WHAT YOU NEED TO DO: Copy nothing but the lines below, from the one with "โครงการแข่งขันกีฬาต้านยาเสพติด ประจำปี 2569" through the one with "Das Ausmalbild zeigt", exactly as written; no pictures should appear.

TASK INPUT:

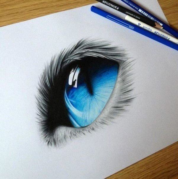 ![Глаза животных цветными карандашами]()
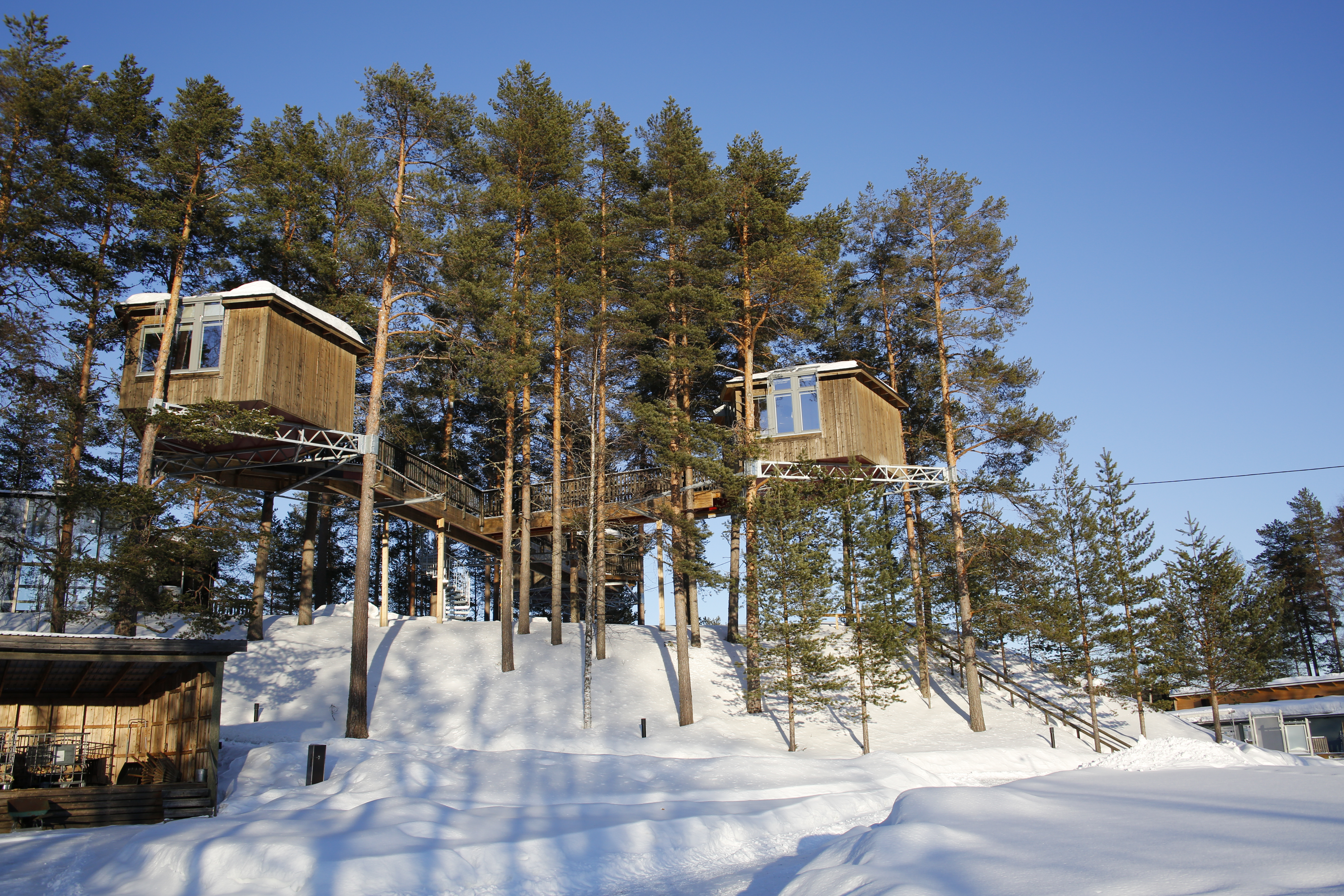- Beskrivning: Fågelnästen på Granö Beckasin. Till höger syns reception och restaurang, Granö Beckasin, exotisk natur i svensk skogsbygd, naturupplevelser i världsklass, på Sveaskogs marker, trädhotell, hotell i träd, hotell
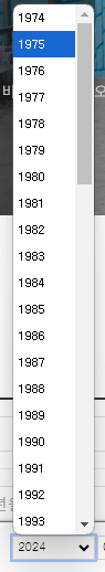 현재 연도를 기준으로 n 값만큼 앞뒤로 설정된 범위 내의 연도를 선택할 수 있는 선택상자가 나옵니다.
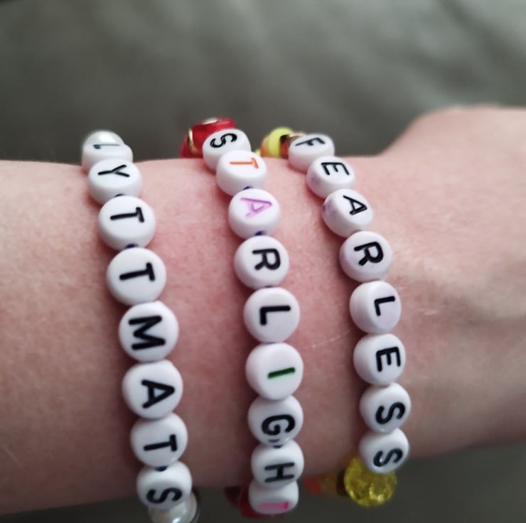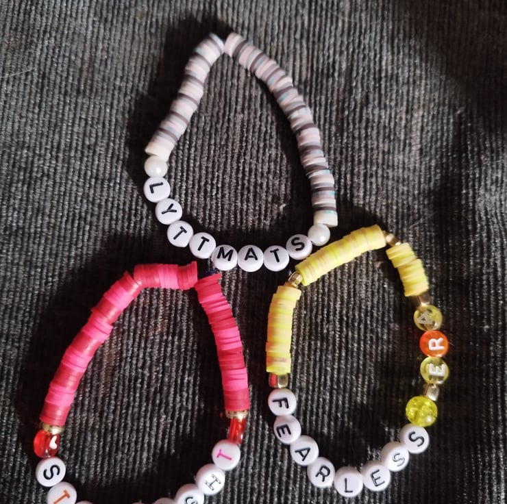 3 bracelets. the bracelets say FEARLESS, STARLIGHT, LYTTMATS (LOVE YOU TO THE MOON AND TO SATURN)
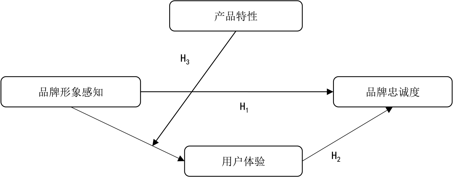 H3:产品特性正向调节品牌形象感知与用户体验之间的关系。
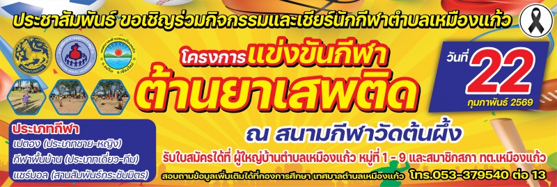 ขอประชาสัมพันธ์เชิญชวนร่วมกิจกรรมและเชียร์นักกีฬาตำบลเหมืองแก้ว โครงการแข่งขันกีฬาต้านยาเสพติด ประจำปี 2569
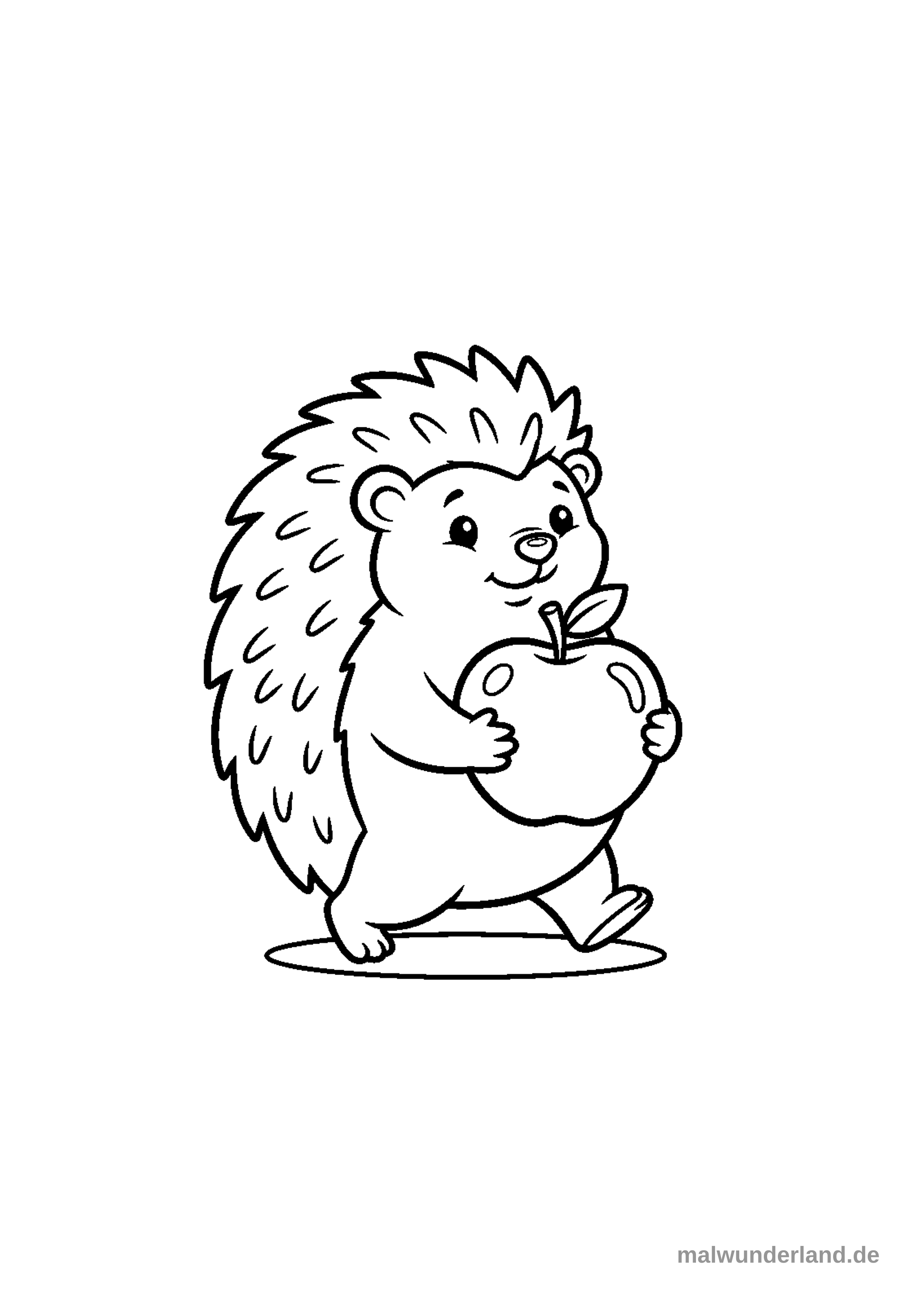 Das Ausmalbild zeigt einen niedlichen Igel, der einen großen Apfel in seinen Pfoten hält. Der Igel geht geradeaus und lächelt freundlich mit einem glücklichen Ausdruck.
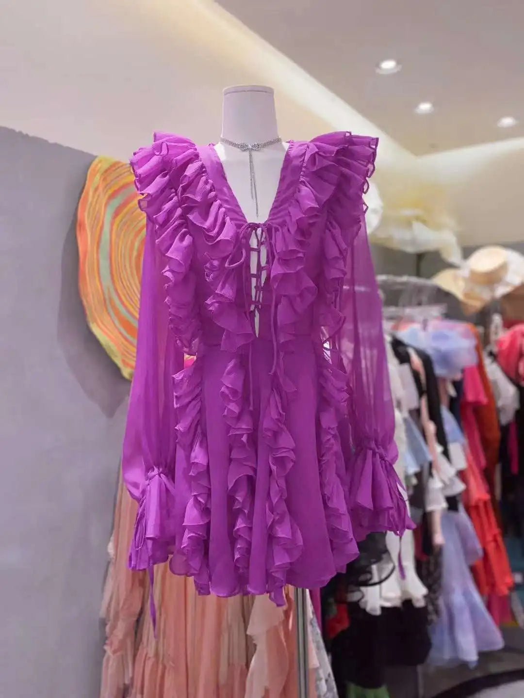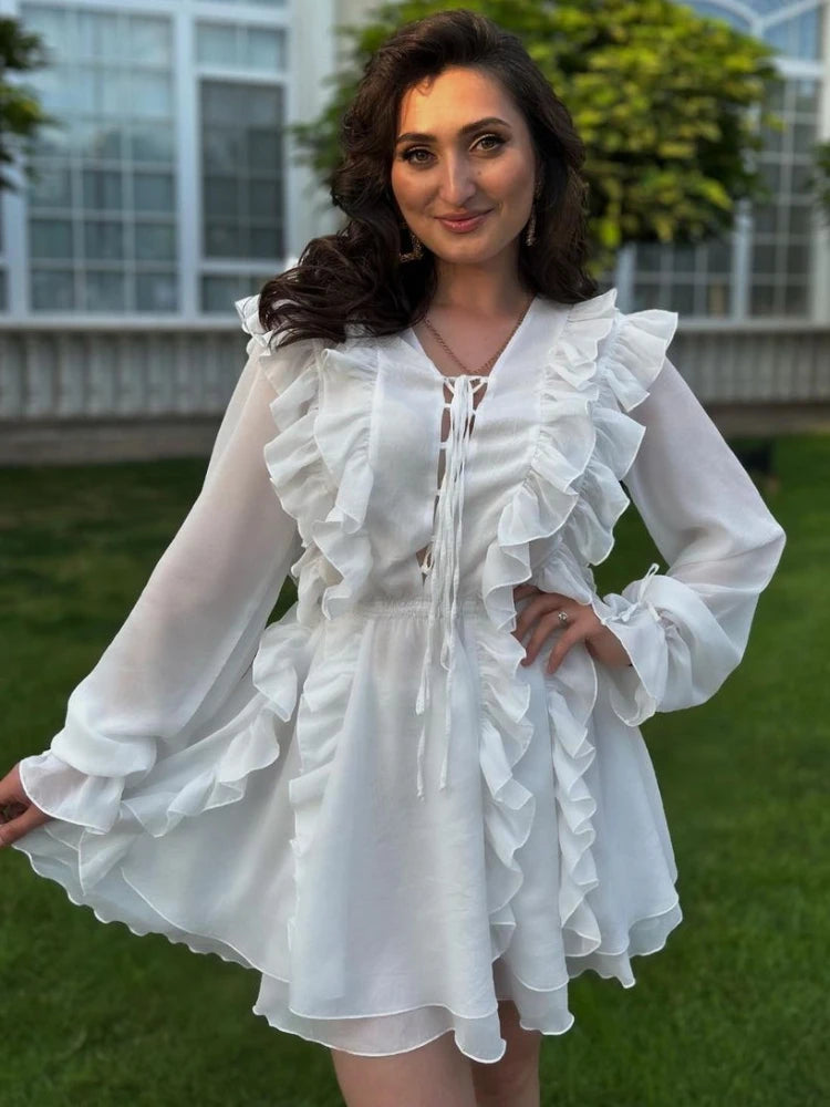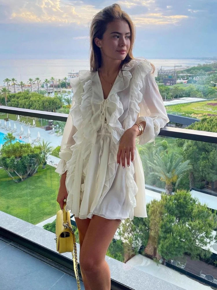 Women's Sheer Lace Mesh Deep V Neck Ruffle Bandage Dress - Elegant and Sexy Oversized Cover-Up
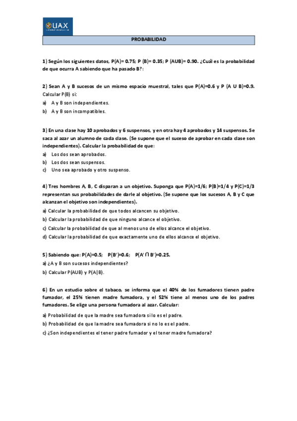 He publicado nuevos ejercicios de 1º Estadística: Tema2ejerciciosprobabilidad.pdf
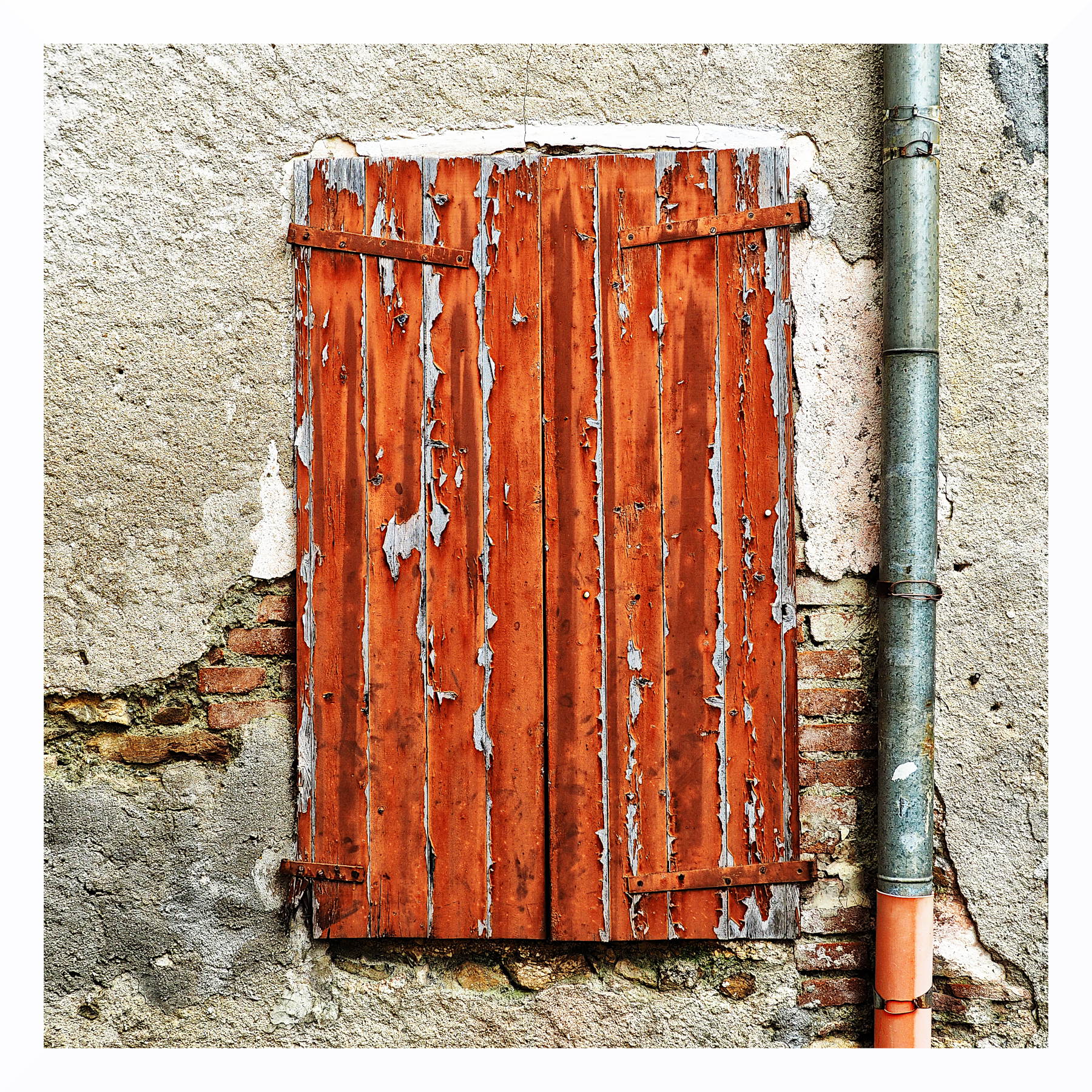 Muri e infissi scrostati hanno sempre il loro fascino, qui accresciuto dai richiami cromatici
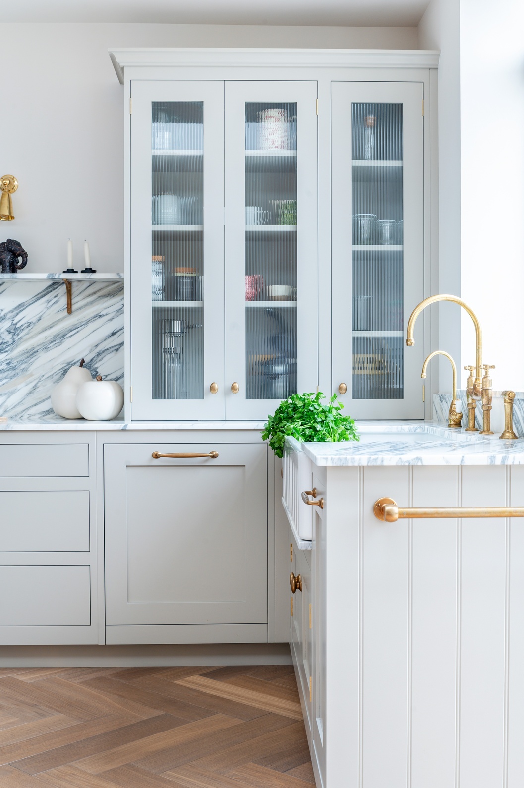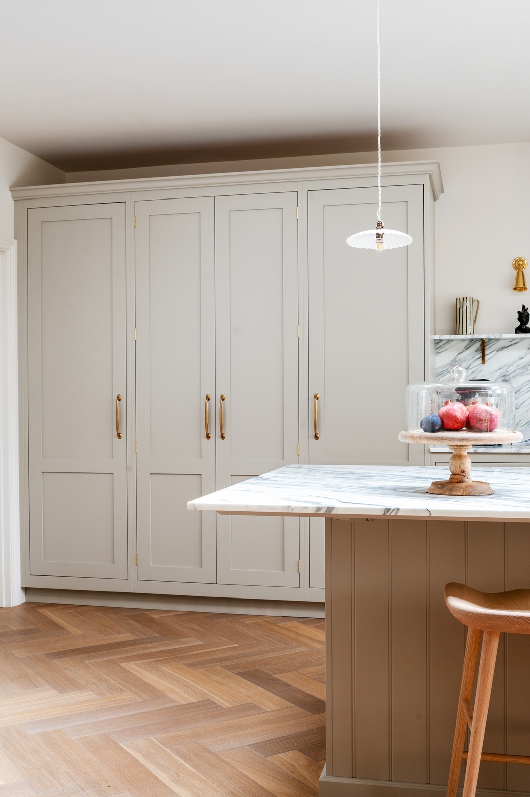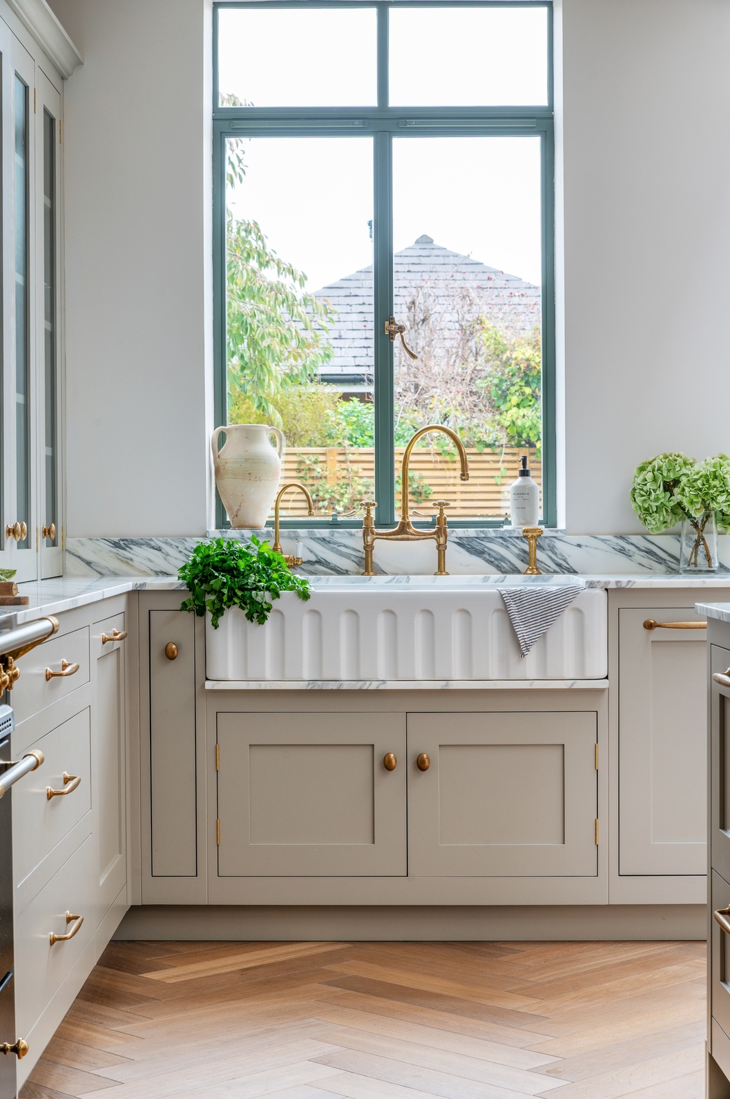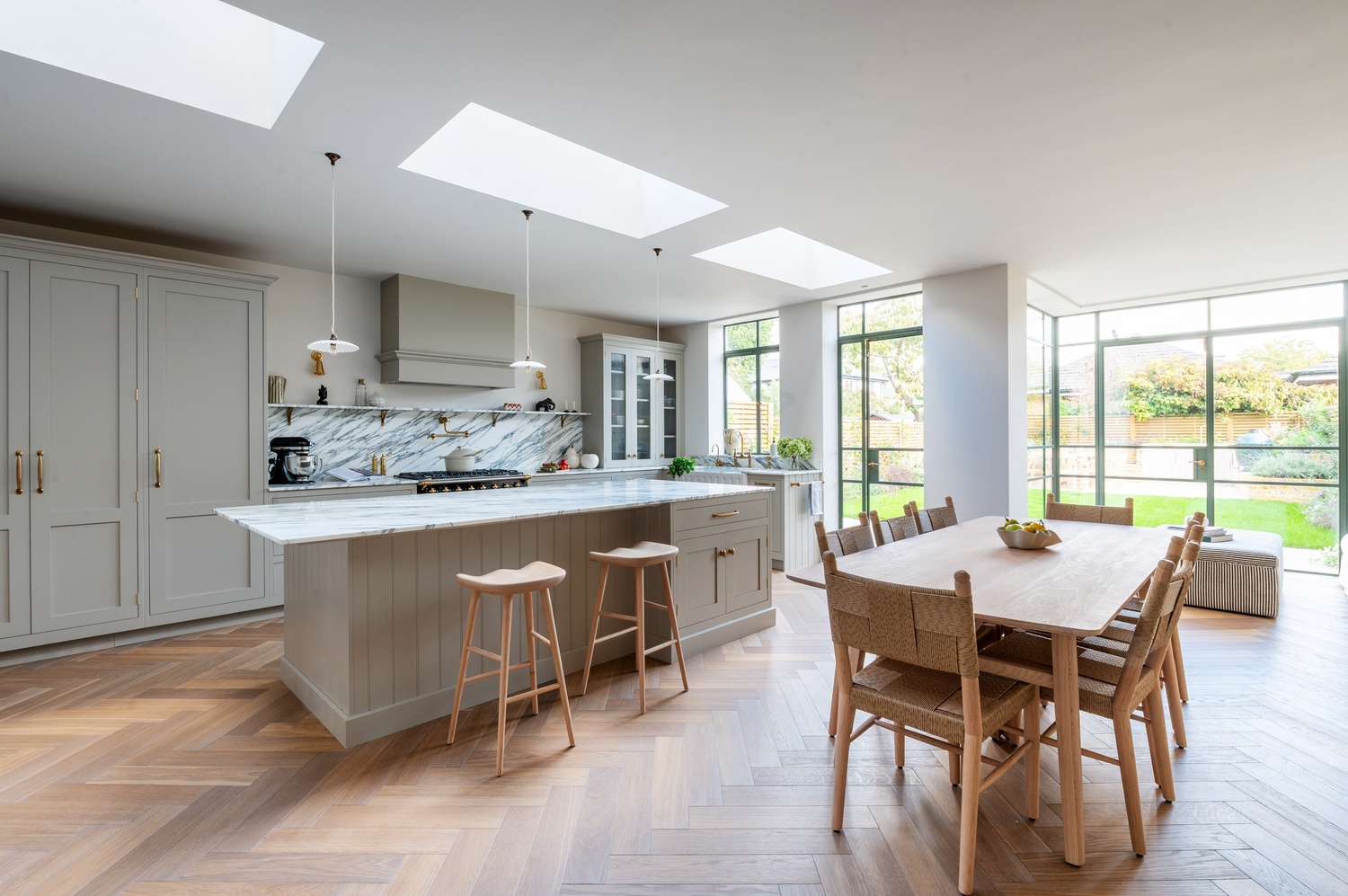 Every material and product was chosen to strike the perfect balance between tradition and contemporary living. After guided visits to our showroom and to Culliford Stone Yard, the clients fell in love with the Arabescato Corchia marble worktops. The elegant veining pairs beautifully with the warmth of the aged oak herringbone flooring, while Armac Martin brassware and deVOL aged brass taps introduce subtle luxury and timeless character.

THE ANSWER:
 ขอประชาสัมพันธ์เชิญชวนร่วมกิจกรรมและเชียร์นักกีฬาตำบลเหมืองแก้ว โครงการแข่งขันกีฬาต้านยาเสพติด ประจำปี 2569
 Das Ausmalbild zeigt einen niedlichen Igel, der einen großen Apfel in seinen Pfoten hält. Der Igel geht geradeaus und lächelt freundlich mit einem glücklichen Ausdruck.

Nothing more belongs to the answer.